Despite the apparent success of our study in establishing the potential for classification of toxic chemicals according to diagnostic sets of genes, the success should be framed in a couple ways. It should be noted that the exposures chosen in this study represent single acute doses and may not reflect the gene expression changes at lower, environmentally relevant doses. In an organism, multiple factors converge to ultimately influence the manifestation of toxicity and the associated gene expression patterns. Among these factors are time, dose, route of administration, age of the animal, and sex. Characterizing the influence of all of these variables on transcript profiles with even a small number of treatments would require considerable resources (e.g., 12 treatments × 3 time points per treatment × 3 doses per time point × 3 routes per dose = 324 microarray studies). Although in this study we chose to primarily address the factor of time, additional experimentation was also performed to look at how different doses of TCDD affected classification. In these preliminary dose-response studies, our statistical model proved to be resistant to the variation in TCDD doses with correct classification at doses as low as 0.05 µg/kg and as high as 100 µg/kg (data not shown). Arguably, other chemicals may not be as easy to classify over such a large dose range and additional studies will be needed to address this issue and other factors that may affect the predictive accuracy of the model. To understand how our statistical model performed with a treatment that was not in our five toxicological categories, results from arsenic-treated mice were also analyzed. Interestingly, the model did not classify the arsenic treatment with any degree of confidence, with inflammatory as the closest category and AHR agonists as the least similar category (data not shown). This adds additional confidence that accurately predicting toxicological endpoints based on gene expression is achievable.

Several interesting conclusions can be drawn from this work. Most importantly, we have presented evidence that the accurate classification of toxic chemicals according to their transcript expression profiles is possible. This opens the door to a new era of toxicological testing where relatively short and inexpensive studies using transcript expression as an endpoint allow the prioritization of untested chemicals based upon their classification. This would mean significant savings in both animal usage and financial resources and would reduce the disparity between the number of tested and untested chemicals in commerce today. However, this study is just the first step toward this goal. The toxicological categories selected in our study primarily reflect the model compounds that toxicologists have studied extensively over the last decade and represent only a small percentage of the 70,000 chemicals in commerce today.

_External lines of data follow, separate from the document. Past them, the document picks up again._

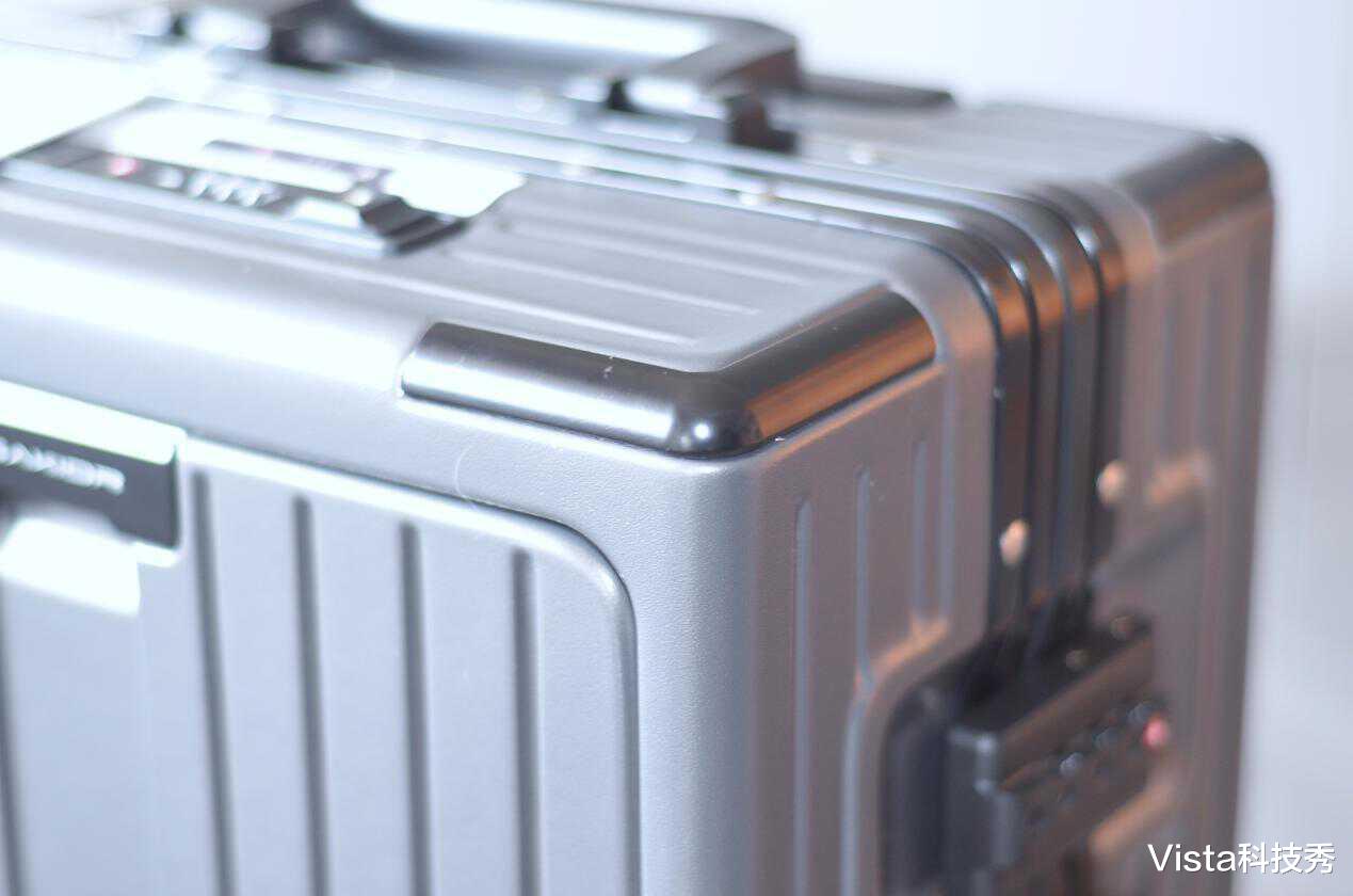 我之前用的行李箱大部分采用的是普通PC或ABS材质,很多时候匆忙中碰撞或者遭遇暴力托运非常容易箱体破损,而 Gakior 直接采用四层进口德国科思创PC材质,搭配双层压铸加厚,铝框则采用SBAT一体压铸技术,大幅提升行李箱的耐用性。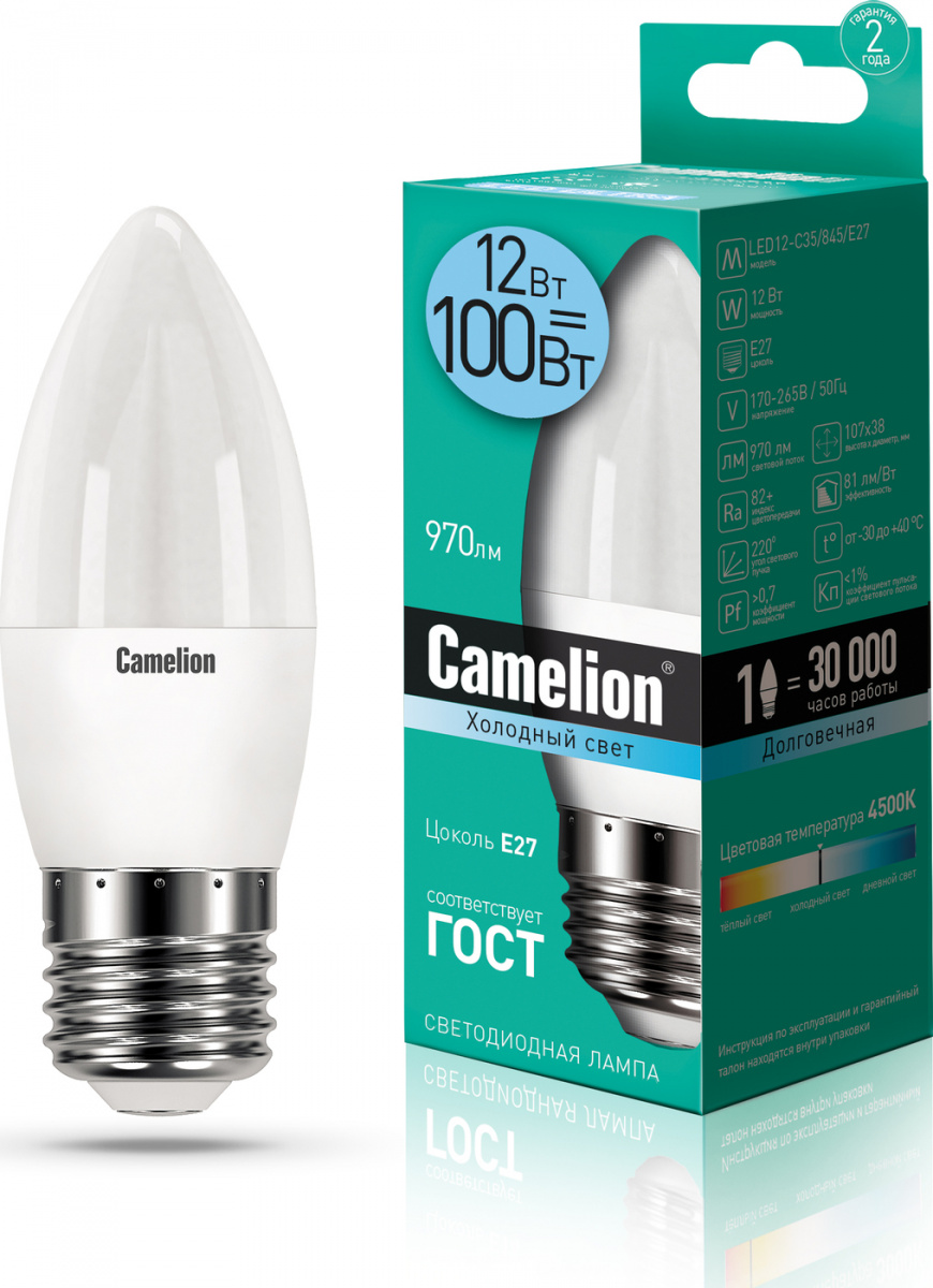 Описание светодиодной лампы свеча Camelion LED12-C35/845/E27 12Вт 4500К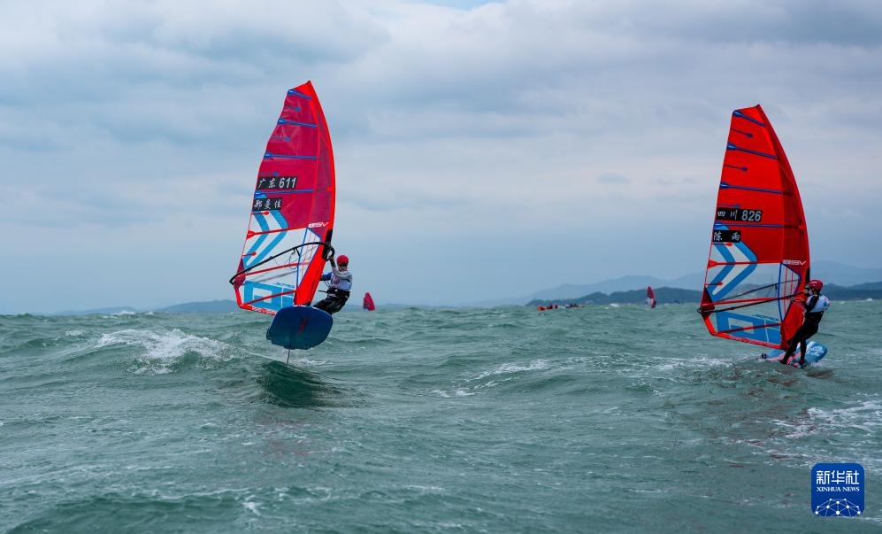 10月20日,廣東隊選手鄭曼佳(左)和四川隊選手陳雨在女子水翼帆板級比賽中。

Obviously, as the public gene expression database grows, more toxicological categories can be added to the model and the more predictive our model and those like it will become. Another conclusion from this work is that large arrays with thousands of transcripts are unnecessary to make these classifications. Although the large arrays are necessary to initially identify the diagnostic gene set, once these `diagnostic' sets of indicator transcripts are identified, simple measurements of only one or two dozen transcripts may allow the average investigator the ability to make judgments as to the relative toxicity of a particular chemical. Finally, we have purposely chosen to use a robust set of statistical methods and conservative assumptions to develop this predictive set. The discrete nature of the approach does not require an accurate measurement of transcriptional changes beyond the assessment of only significant up- or down-regulation. This should make subsequent evaluations more resistant to inter- and intralaboratory variability such as that observed when switching arrays or performing hybridizations in multiple laboratories.